By Kevin Dobbs, S&P Global Market Intelligence staff writer
Tacoma, Wash.-based Columbia Banking System Inc.'s $644.1 million bid to acquire Pacific Continental Corp. in Oregon would broaden the buyer's reach in the Pacific Northwest and enable it to leap over the consequential $10 billion asset threshold, but the relatively high price concerned some investors.
Columbia's stock fell more than 2% in morning trading Jan. 10, the day after it announced its plan to buy out Eugene, Ore.-based Pacific Continental in a deal that executives expect to generate double-digit earnings accretion and substantial cost savings, but one that the companies said also carries a price tag that works out to just above 3x tangible book value. That is well above the average for bank deals over the past year. The industry average deal value in 2016 equated to less than 2x tangible book, according to S&P Global Market Intelligence data.
"Clearly, people feel they overpaid," Hovde Group bank stock trader Matthew Shields said in an interview. "Any time you cross three times tangible book, it tends to spook investors."
Shares of Pacific Continental, meanwhile, jumped more than 25% in morning trading Jan. 10. [Editor’s note: S&P Global Market Intelligence originally posted this Jan. 10.]
Past the pricing, deal appeals
Pricing aside, analysts welcomed the deal's merits.
"Transaction multiples look a little rich relative to others but the deal makes sense strategically, culturally and is complementary from a product & geographic perspective within the Pacific Northwest," Piper Jaffray analyst Matthew Clark wrote in a report.
Clark also noted that the deal price reflects in part a run-up in both companies' stocks over the past couple months. Bank stocks overall have rallied since Donald Trump was elected in November to become the next U.S. president. Trump's campaign platform included calls to reduce corporate taxes and ease regulations, a pair of developments that would benefit banks.

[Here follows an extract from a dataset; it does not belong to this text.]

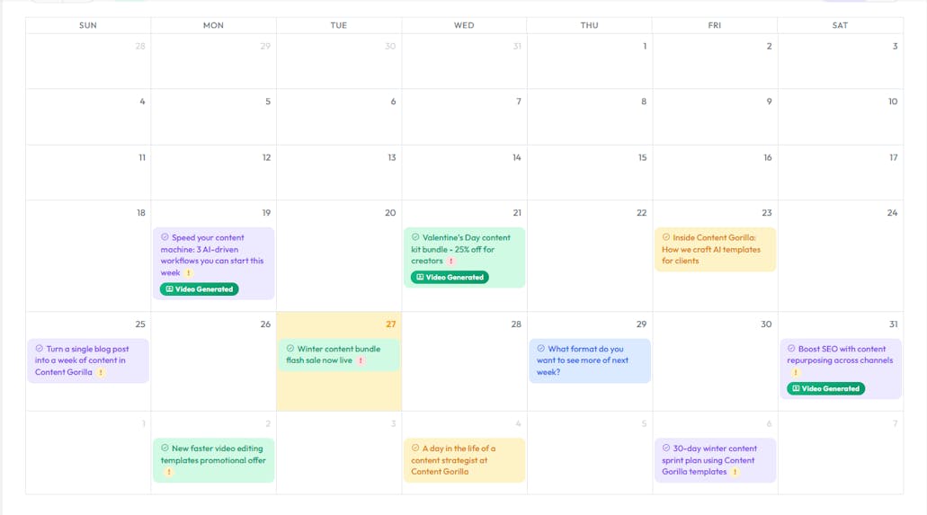 AI-planned topics, dates, and categories ready to execute

Working from the deal's fixed exchange ratio (Pacific Continental shareholders stand to receive 0.6430 Columbia common share for each Pacific Continental share they own), and excluding price appreciations for both companies since the Nov. 8 election (about 30% for the buyer and 25% for the seller prior to the deal announcement), Clark said the deal multiples would have appeared "more reasonable." For example, he said, the deal value would have equated to 2.34x tangible book value.
The deal, slated to close in mid-2017, would bring together two banks with similar workplace cultures and would boost Columbia's presence in key Northwest markets, executives said during a Jan. 10 call to discuss the transaction. The acquisition would give Columbia the No. 1 deposit market share in Eugene, the second-largest market in Oregon, and enhance its efficiency in the state's largest market, Portland. It would do the same in Seattle, the largest metropolitan area in the Northwest.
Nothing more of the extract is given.